A Voz de Alfena, no número de Fevereiro de 1979, na primeira página, faz-se eco das dificuldades que alguns levantaram em relação a retirar-se a placa que assinalava o início da rua. Dizia essa placa: “Transleça (Nossa Senhora do Amparo)”. Cá para nós: se essas dificuldades foram vencidas e prevaleceu apenas o nome rua de Nossa Senhora do Amparo, não poderia pensar-se em substituir a placa que assinala rua Vasco da Gama e que, com muito maior razão , se deveria chamar rua de Pedrouços? Se é ao lugar comummente chamado de “Pedrouços” que a rua vai ter, por que carga de água é que o topónimo Pedrouços não aparece em parte nenhuma? Que realidade oculta está por detrás da ausência de uma designação que seria a mais natural?
Perdou-se-me este excurso e regressemos à rua de Nossa Senhora do Amparo . Fiquem todos a saber que, em 1623, o Bispo do Porto, Dom Rodrigo da Cunha, cita uma ermida, chamando-lhe “Nossa Senhora do Lessa” e, em 1690, Manuel Pereira Novais refere-se à que deve ser a mesma ermida como ” Nuestra Senora de Trasleça”. Pelo menos é o que se pode ler em “Anacrisis Historial. vol. IV, p. 229, publicado em 1918 pela Biblioteca Municipal do Porto.
Que tem a ver a actual capela oitocentista com a tal ermida? o assunto é um pouco nebuloso, com uns a imaginar que não se trata de restauração da velha ermida e outros a dizer que é capela diferente construída no mesmo lugar, embora em sítio diferente, presumindo-se assim que tal ermida tenha sido demolida. Vamos a documentos: o que tem a data mais antiga (19 de Agosto de 1697) diz assim: (para melhor compreensão, faço a transcrição em português de hoje) “Diz o Capitão Gaspar Pinheiro de Carvalho, que ele alcançou do Reverendo Cabido licença para a construção de uma capela de invocação de Nossa Senhora do Amparo, como consta da licença inclusa e mais papéis para isso necessários de que se fez auto de que pendeu a dita licença e, por virtude dela, a dita capela está feita e capaz de nela celebrar missa”. A licença foi concedida e, feita a vistoria pelo Abade Manuel Camelo de Sousa (de Agrela), este confirmou que tinha os requisitos necessários para nela se celebra missa, e assinou depois de datar: “Várzea, 24 de Agosto de 1697”.
Assinale-se que a data de 1623 em que Dom Rodrigo da Cunha cita a ermida de “Nossa Senhora de Lessa” é anterior apenas cerca de setenta anos , em relação a este documento. Serão diferentes as ermidas de 1623 e esta de 1697?
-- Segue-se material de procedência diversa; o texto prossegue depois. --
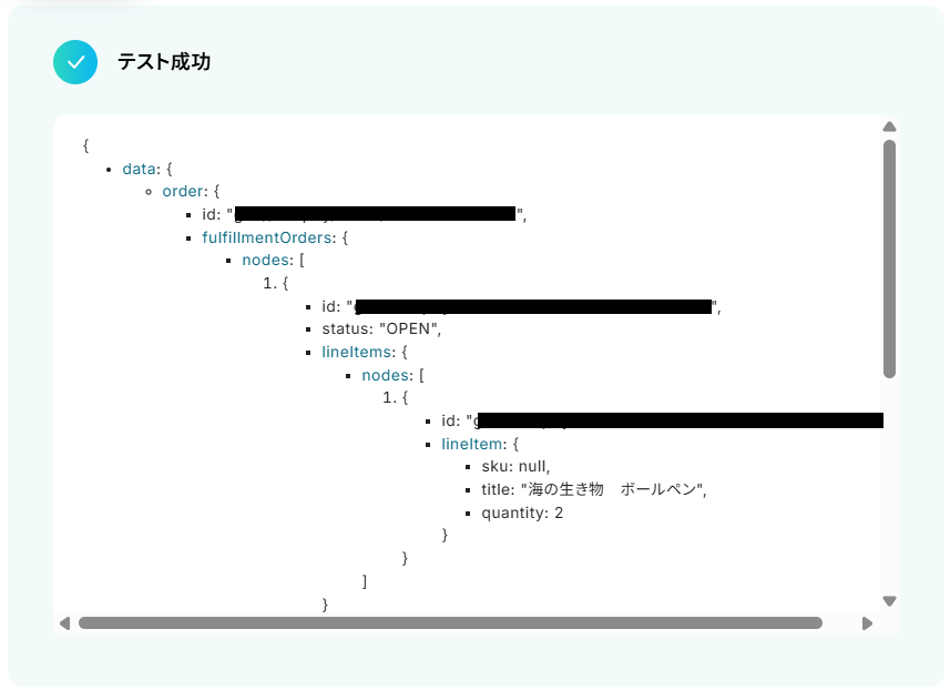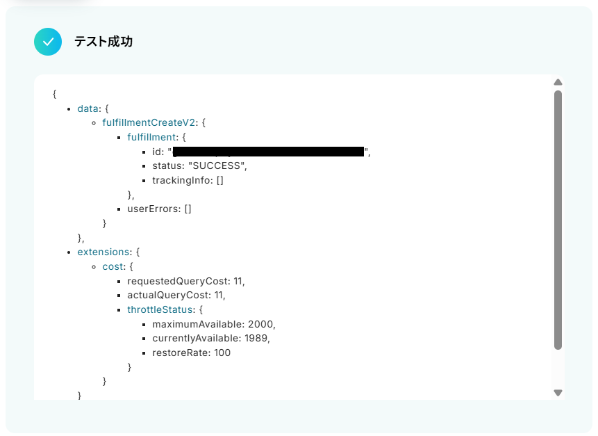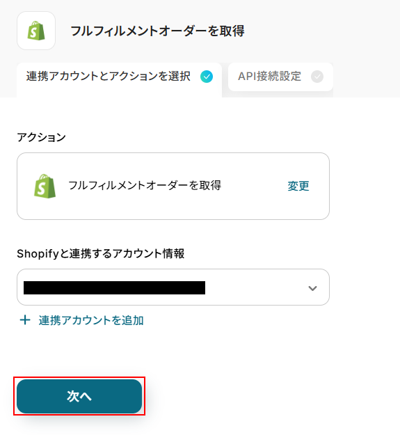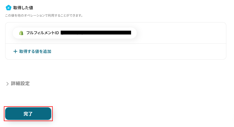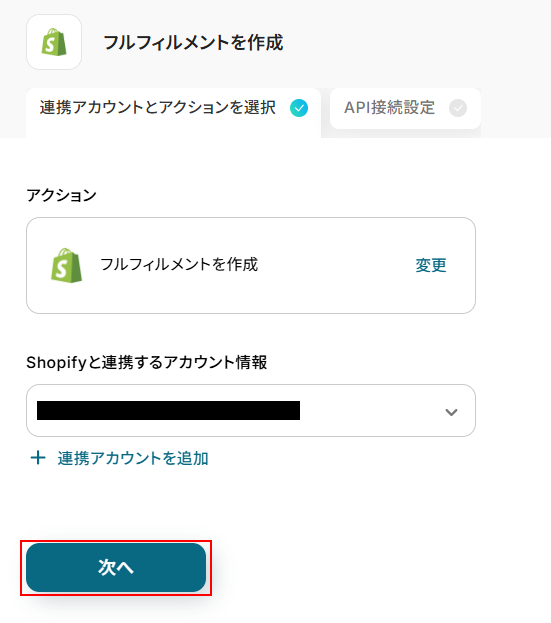 - 次に、取得した情報をもとに、Shopifyの「フルフィルメントを作成」アクションを設定します

Mas há outro documento de teor diferente: “Dizem Luís da Costa Fajardo, escrivão das apelações, crimes da Relação desta Cidade, juiz de Nossa Senhora do Amparo de uma ermida cita no monte de “Tresleça”, da freguesia de São Vicente de Alfena, comarca da Maia, deste bispado, e juntamente com outros devotos da mesma Senhora moradores nesta cidade e alguns da freguesia que, em razão de a dita ermida se achar ameaçando ruína, com algumas esmolas que há e outras com que eles concorrem, querem ampliar a dita ermida, demolindo a que é presente se acha por ser limitada e porque não o podem fazer sem licença de V. Senhoria, portanto pedem a V. Senhoria seja servido conceder licença para se fazer uma ermida nova no sítio da antiga, fazendo-se maior do que a que será de demolir (…) Porto, onde me acho, 1 de Maio de 1733. Súbdito de V. Senhoria , Simão da Cunha Porto (Reitor) (…) João Tinoco Vieira, Escrivão da Câmara (eclesiástica) despachou e a 4 de Junho de 1734, Guedes Moniz subscreveu a licença”.
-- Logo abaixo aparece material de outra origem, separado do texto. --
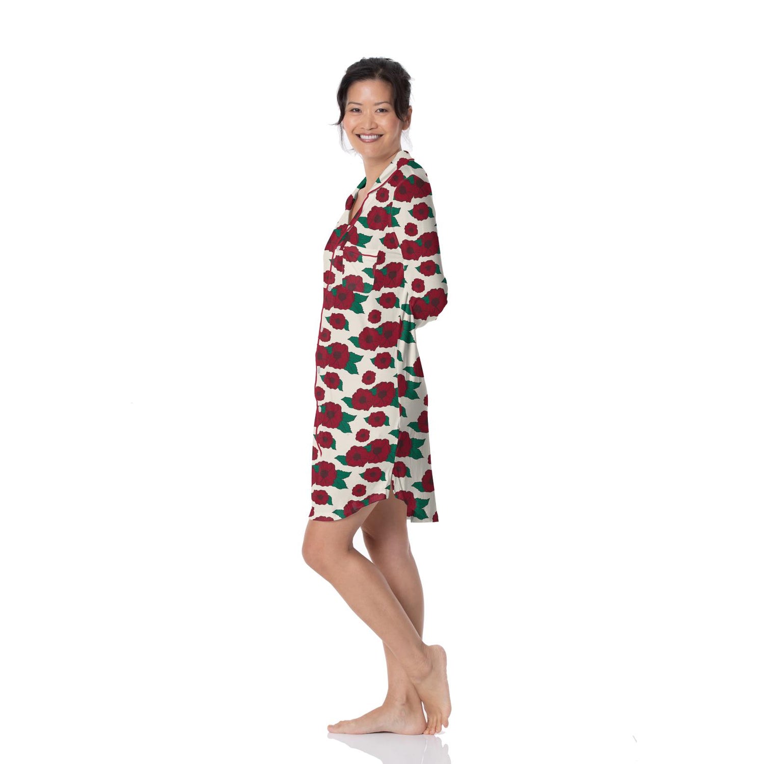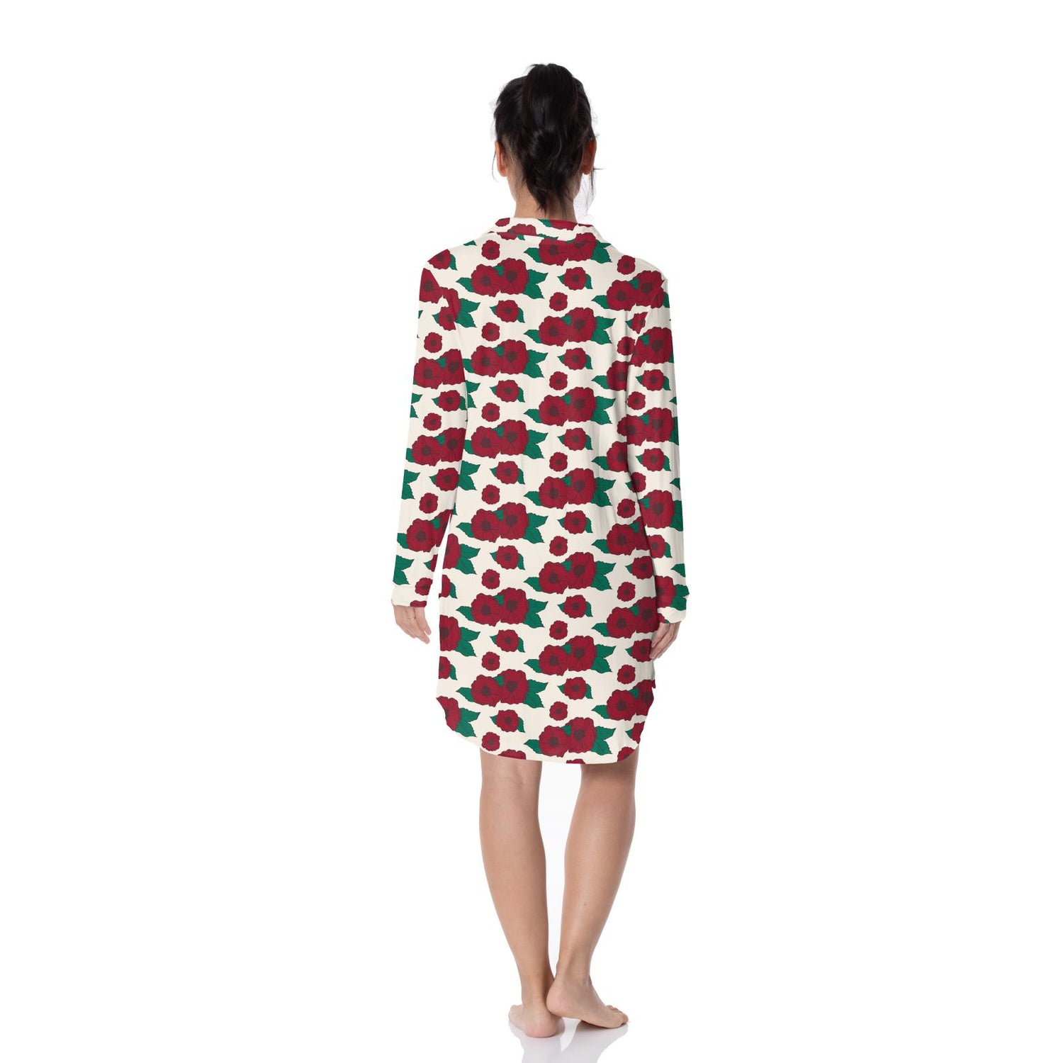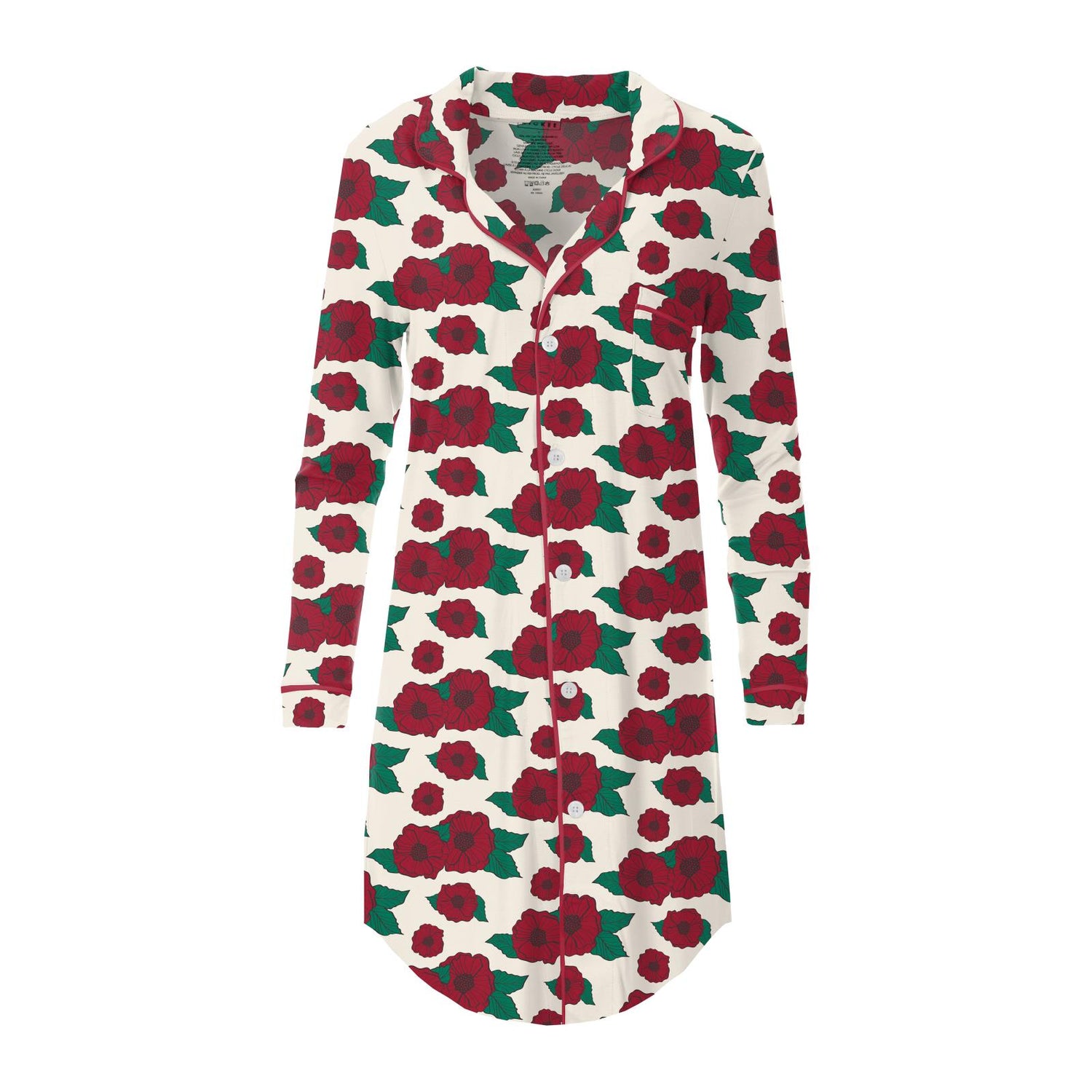 Women's Print Long Sleeve Button Down Nightshirt in Holiday Poppies

Pormenorizando, o Pároco Simão da Cunha Porto informava: “Como era pequena a ermida, ou capela antiga, se acrescentou um pequenino mais para diante e outro para trás e se alargou uma ilharga alguma coisa, a que serve o retábulo antigo, que de antes tinha, que está suficiente por ter seus filetes dourados sobre azul no mais, o frontal serve o mesmo antigo, que também é suficiente”, falando da ida da imagem para a capela reedificada com “paredes seguras mas foi sempre no mesmo sítio antigo em que estava situada a ermida excepto os pequeninos acrescentamentos”.
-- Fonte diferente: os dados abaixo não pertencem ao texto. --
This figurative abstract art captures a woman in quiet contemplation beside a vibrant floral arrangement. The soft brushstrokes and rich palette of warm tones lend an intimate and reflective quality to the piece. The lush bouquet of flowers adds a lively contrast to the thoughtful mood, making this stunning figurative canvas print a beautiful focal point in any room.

Além desta reconstrução em 1733, houve uma outra em 1938/43, no tempo do Pároco António de Sousa “desde os alicerces, sendo necessário”, mas avisava-se para “mão se molestar em nada a talha dos altares e cantaria” e explicava-se que “na obra de cantaria as pedras deformadas serão rectificadas e as que faltarem substituídas por outras novas e as suas juntas tomadas por cimento” e que “as paredes com elevação serão feitas em alvenaria aparelhada e os alicerces em alvenaria ordinária”. E mais: “reconstruíu-se depois de demolido, todo o pano sul da capela, demoliu-se e reconstruíu-se toda a frente da capela, demoliu-se e reconstruiu.se parte do pano norte da capela e toda a sacristia, demoliu-se a escada interior do coro da capela e reconstruiu-se exteriormente em pedra lavrada, consertaram-se todos os altares da capela, lavaram-se e deu-se-lhes o aparelho respectivo para poderem ser novamente dourados a ouro mordente”.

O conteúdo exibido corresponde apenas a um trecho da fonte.